A dental anthropologist has made a life studying mouths in Africa.
The Hazda foragers of Tanzania have no need for braces. Their mouths support an average of 20 back teeth in comparison to Westerners, who generally have a crowded total of 16.
The article, It’s not that your teeth are too big: your jaw is too small?, tells us that our soft food diet does not encourage our jaw bones to grow like our African counterparts.
Are extractions and braces the best way to solve our crooked choppers?
Will evolution change our descendants and put orthodontists out of business?

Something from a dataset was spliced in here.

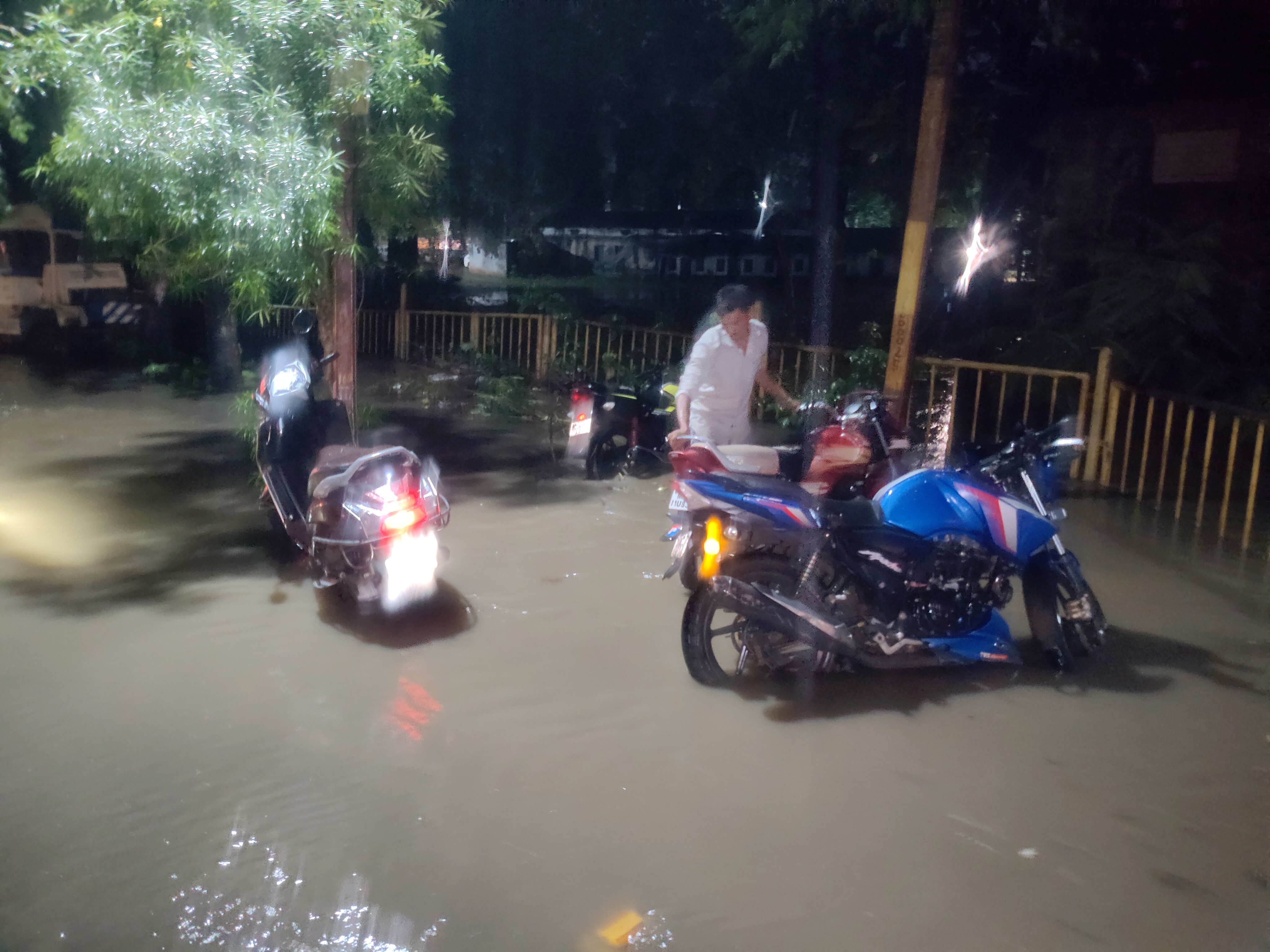 रविवार शाम करीब 45 मिनट की तेज बारिश ने शहर की हालत बिगाड़ दी। जयस्तंभ क्षेत्र और आसपास के बाजार में डेढ़ से दो फीट तक पानी भर गया। दुकानों और होटलों में पानी घुस गया, सड़क किनारे लगी दुकानों की सब्जियां बह गईं। जिला अस्पताल परिसर में भी पानी भर गया।
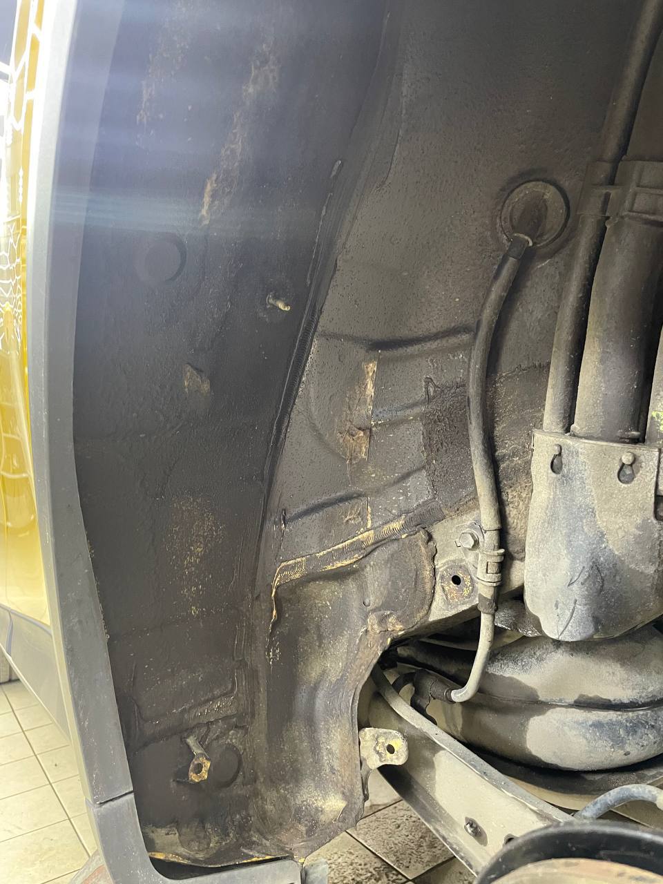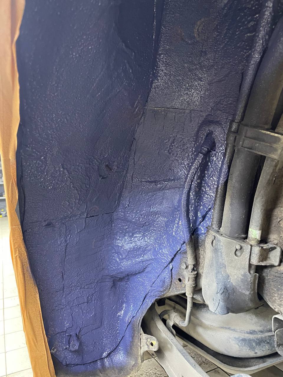 Подготовительные работы начинаются со съема колес, локеров. Все обрабатываемые поверхности предварительно тщательно вымываем от грязи и обезжириваем. Учтите, если автомобиль был обработан антикором у официального дилера, то монтаж наших материалов может быть затруднен, а в некоторых случаях вообще невозможен – виброизоляция просто не прилипнет к такой поверхности, как правило она жирная или остается всегда в полу-сухом состоянии.

How interesting that we have the ability to study such things!
Not wanting to give anything away from season three of The Good Place, I’ll share just a snippet of thought….
Humans evolved from…
me versus us: I will sacrifice my freedom for the good of the group. Cooperative hunting, growing, and protection.
To…
us versus them: Our group against your group.
Aren’t you curious about what’s coming next?
Who is studying that?
And finally, I’m reading Business Secrets of the Trappist Monks by August Turak and this thought keeps playing in my mind…
This book—dare I say it—dogmatically insists that the purpose of every human life, whether we realize it or not, is to be transformed from a selfish into a selfless person.
A pretty tall order?
Perhaps, and I tell myself it’s what we’re evolving toward.